As with any big effort, you gotta divide the thing up into manageable chunks, put your head down…and grind away. For example, last week I tagged along for a monster tour with friends. A half hour from the car I realized I’d forgotten my food–imbecile! Too far in to go back, I mooched two granola bars and signed on for the ride. Ten hours, 6500 feet up, 8K down, and I limped out to the trailhead dehydrated and sweaty. The last hour I kept telling myself, “You’re only half empty.” I sure as hell didn’t feel half empty. I was shattered!

Why that particular mantra? Years ago I read a New York Times Sunday magazine piece on Slovenian cyclist, Jure Robic. He’d won several of the world’s hardest ultramarathon cycling events, including the Race Across America and Le Tour Direct–a contest in which competitors race a Tour de France-style course as quickly as possible (in his case in 2005, 7 days, 19 hours for a 3000-km loop). Keep in mind these events were less than a month apart. Robic was an expert at going way, way, way past the limit, mentally and physically. He knew how to go deep.

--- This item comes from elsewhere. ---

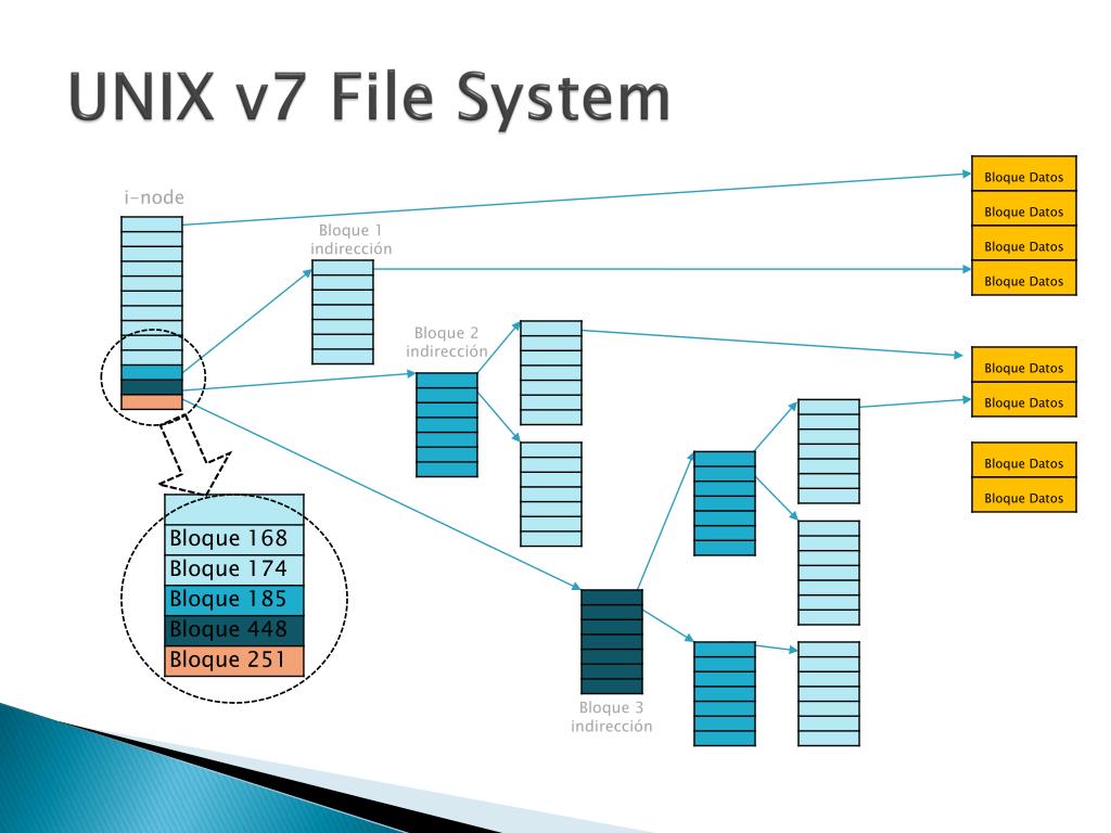 UNIX v7 FileSystem i-node Bloque 1 indirección Bloque 2 indirección Bloque 3 indirección

Scientists tell us when the body screams “I’m done!”, you’re often only “half empty.” In Daniel Coyle’s interesting Times piece above, he writes, “Fatigue, the researchers argue, is less an objective event than a subjective emotion — the brain’s clever, self-interested attempt to scare you into stopping. The way past fatigue, then, is to return the favor: to fool the brain by lying to it, distracting it or even provoking it.”

So when the going gets tough give your brain the finger (provocation), tell yourself, “I’m totally up to the task (often times an outright lie!), or do the Homer Simpson and think about beer, boobies, and donuts (distraction). A triathlon of desperate compensation.

Mostly I stick to reminding myself, “I’m only half empty,” whether it’s at an interminable hour at The Alpine Training Center, during a long (nearly foodless) ski tour, or over the course of years in trying to get my international certification in mountain guiding. So now, with one more course and three-day exam between me and full “aspirant” status–bestowed by the American Mountain Guides Association (AMGA), which is our member organization to the International Federation of Mountain Guides Associations (IFMGA)–I keep reminding myself to just shut up, watch and learn, guide all summer, and keep grinding away: I’m only half empty.

In September I’ll take that final aspirant course and exam (in the alpine discipline)…and then go for my final exam in the rock discipline in October. Tons to do, plenty to learn, too much to practice. After that, the winter will be all skiing–my final ski exam is most likely somewhere in Canada in April, 2014–and then spring and summer turn to the alpine. That will be my final exam, September 2014, in the Cascades, most likely.

It’s been a long, time-consuming and expensive process just to get here and the hardest bits are still ahead…but I keep telling myself I’m only half empty. And if that doesn’t work, well, there are always…beer, boobies, and donuts.